En
1816 el filólogo alemán Franz Bopp descubrió que una serie de lenguas
aparentemente muy diferentes, como el persa, el sánscrito, el germánico, el
latín o el griego, proceden de una lengua única y primigenia a la que dio el
nombre de indoeuropeo. Poco después el
danés Rask añadió a esta lista el eslavo y el celta, sumándose luego el
albanés, el armenio, el lituano, y otras antiguas lenguas de Asia Menor como el
hitita o el tocario. Desde entonces muchos filólogos e historiadores han
escudriñado las huellas del pasado, en la esperanza de hallar un nexo común e
identificar el origen del pueblo que comenzó a comunicarse con aquella lengua
ancestral.
La
búsqueda se ha visto viciada por diversas clases de prejuicios, mezclándose
demasiado a menudo los conceptos de lengua y raza, a veces para servir
intereses políticos que una vez desenmascarados, resultan abominables. De esta
forma, los prejuicios nacionalistas llevaron a situar en Alemania la cuna de
los indoeuropeos, identificados con tipos raciales germánicos, olvidando por
ejemplo que los gitanos perseguidos en nombre de la pureza racial, hablan
también una lengua indoeuropea, procedente de la península indostánica. Durante
mucho tiempo se pretendió reconstruir el primitivo idioma, llegando Augusto
Frick al extremo de lo grotesco, traduciendo al “indoeuropeo” el padrenuestro.
Siguiendo
al filólogo Francisco Rodríguez Adrados, podemos fijar las características de
las antiguas culturas que precedieron a las invasiones indoeuropeas. La
principal conclusión es que desde los comienzos del Neolítico, hacia el año 7000 a .C., existía en la
región de los Balcanes y el Danubio, de Grecia y el Egeo, de Ucrania hasta el
Dnieper, del litoral de Asia Menor al sur de Italia, una cultura agrícola (o
una serie de ellas) muy avanzada. Las dataciones con carbono-14 demuestran que
son tan antiguas como las de Mesopotamia, y no son derivadas de estas. Son en
conjunto lo que Marija Gimbutas ha llamado antigua cultura
europea, que existió en las regiones citadas durante el
Neolítico y el Calcolítico, en que a partir del 5500 a .C. comenzó a
utilizarse el cobre. Estos pueblos
preindoeuropeos practicaban una agricultura intensiva en los
valles, habían domesticado a los animales con excepción del caballo, habían
desarrollado la cerámica y los trabajos en hueso y en piedra.
Conocemos
que su panteón religioso estaba presidido por la gran diosa madre, promotora de
la fecundidad y representada hasta la saciedad con los rasgos sexuales
acentuados, acompañada a veces de elementos animales como las serpientes, las
aves, el oso la cerda o la abeja. Los elementos religiosos masculinos quedarían
en este primer periodo relegados a un papel secundario, si bien, con la
irrupción del caballo, el hierro y la rueda en los escenarios bélicos, y la
consiguiente expansión de los pueblos poseedores de tales herramientas, el
dios-macho pasó a dominar la esfera espiritual, representándose a través de
símbolos como el cabrón, el toro, el cuerno, el pilar y otros motivos fálicos.

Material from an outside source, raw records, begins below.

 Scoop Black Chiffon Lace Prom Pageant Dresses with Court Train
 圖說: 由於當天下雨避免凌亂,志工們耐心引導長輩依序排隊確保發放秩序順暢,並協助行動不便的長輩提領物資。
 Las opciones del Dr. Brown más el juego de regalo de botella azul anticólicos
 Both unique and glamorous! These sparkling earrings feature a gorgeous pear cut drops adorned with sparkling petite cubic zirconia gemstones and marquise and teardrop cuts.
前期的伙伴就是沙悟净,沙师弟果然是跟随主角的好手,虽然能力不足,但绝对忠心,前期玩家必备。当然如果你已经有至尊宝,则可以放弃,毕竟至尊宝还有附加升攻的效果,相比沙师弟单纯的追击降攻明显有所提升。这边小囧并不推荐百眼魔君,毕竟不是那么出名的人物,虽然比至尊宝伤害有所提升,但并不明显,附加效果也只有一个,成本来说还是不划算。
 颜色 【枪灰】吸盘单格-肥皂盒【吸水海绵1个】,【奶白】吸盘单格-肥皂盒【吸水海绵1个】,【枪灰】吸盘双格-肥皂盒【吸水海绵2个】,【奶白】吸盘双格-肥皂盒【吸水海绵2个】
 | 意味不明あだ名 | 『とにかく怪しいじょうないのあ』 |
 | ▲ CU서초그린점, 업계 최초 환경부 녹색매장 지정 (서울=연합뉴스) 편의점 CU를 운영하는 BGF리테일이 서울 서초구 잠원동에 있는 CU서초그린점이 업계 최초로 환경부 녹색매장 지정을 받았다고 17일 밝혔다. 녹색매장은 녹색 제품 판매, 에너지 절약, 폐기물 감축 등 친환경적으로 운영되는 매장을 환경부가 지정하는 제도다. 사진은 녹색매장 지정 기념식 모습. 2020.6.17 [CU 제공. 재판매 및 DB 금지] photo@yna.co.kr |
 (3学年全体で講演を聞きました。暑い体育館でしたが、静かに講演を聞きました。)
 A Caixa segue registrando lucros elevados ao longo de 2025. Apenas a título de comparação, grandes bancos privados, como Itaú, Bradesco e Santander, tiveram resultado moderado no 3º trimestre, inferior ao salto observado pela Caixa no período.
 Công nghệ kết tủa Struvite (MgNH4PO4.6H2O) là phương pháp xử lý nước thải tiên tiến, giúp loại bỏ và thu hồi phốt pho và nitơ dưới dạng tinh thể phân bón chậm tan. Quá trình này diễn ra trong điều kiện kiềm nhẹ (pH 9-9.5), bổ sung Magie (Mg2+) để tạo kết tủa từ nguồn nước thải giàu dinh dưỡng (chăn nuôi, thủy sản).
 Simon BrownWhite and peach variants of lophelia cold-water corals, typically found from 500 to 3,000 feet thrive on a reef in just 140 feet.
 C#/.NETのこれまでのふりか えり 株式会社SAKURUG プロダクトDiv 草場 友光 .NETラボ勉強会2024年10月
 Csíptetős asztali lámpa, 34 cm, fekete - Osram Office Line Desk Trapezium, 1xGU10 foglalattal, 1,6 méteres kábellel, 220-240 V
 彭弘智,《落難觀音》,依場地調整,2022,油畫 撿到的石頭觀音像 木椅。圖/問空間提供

El caballo, principal protagonista del nuevo orden en la expansión indoeuropea,
procede de las estepas de Rusia y Asia Central. Hay una serie de palabras
comunes para designarlo: equus en
latín, hippos en griego, asvas en sánscrito, como las hay comunes
para la rueda: rota en latín, ratas en lituano, rad en alemán, o para carro, hierro, oveja, toro, cerdo, perro, agua,
carne, leche, vino y un largo etcétera.
Entre
los prehistoriadotes dominó desde principios del pasado siglo, sobre todo en
Alemania, la idea de que los indoeuropeos procedían de las culturas neolíticas
de Sajonia y Dinamarca. En la década de los treinta, una reacción promovida por
los arqueólogos ingleses Peake y Childe, trasladó la patria de los indoeuropeos
a las estepas rusas. Marija Gimbutas suscribe esta hipótesis, y sitúa el origen
de los pueblos indoeuropeos en la cultura de los
kurganes, unos túmulos neolíticos entre el Don y los Urales.
Aunque la paleontología lingüística no termina de resolver el problema, sugiere
un territorio interior, no litoral, situado en el Norte o el Nordeste. Abona
esta opinión el hecho de que en el indoeuropeo primitivo no existen palabras
para designar el mar, ni para animales o plantas mediterráneos, asiáticos o del
Occidente europeo, tales como conejo, liebre o acebo…
No
obstante, ni la arqueología ni la paleontología lingüística son capaces de
proporcionar certezas absolutas. Las sucesivas oleadas migratorias
protagonizadas por los nómadas de Asia Central que han llegado hasta épocas
históricas, y las diferentes invasiones de territorios, no contribuyen
precisamente a aclarar el panorama. En cualquier caso, el grupo lingüístico
indoeuropeo ha experimentado en los últimos 7000 años una expansión geográfica
que llega a eclipsar el desarrollo de los otros grandes grupos: semítico y
chino. El griego y el latín han sido durante muchos siglos, los principales
vehículos de lo que llamamos la cultura occidental. En la etapa histórica más
reciente, lenguas indoeuropeas modernas como el inglés o el español, se han
convertido en las formas de expresión predominantes en grandes áreas del
planeta.
Yo
no hablo inglés, ni Dios lo “premita”. Lola Flores.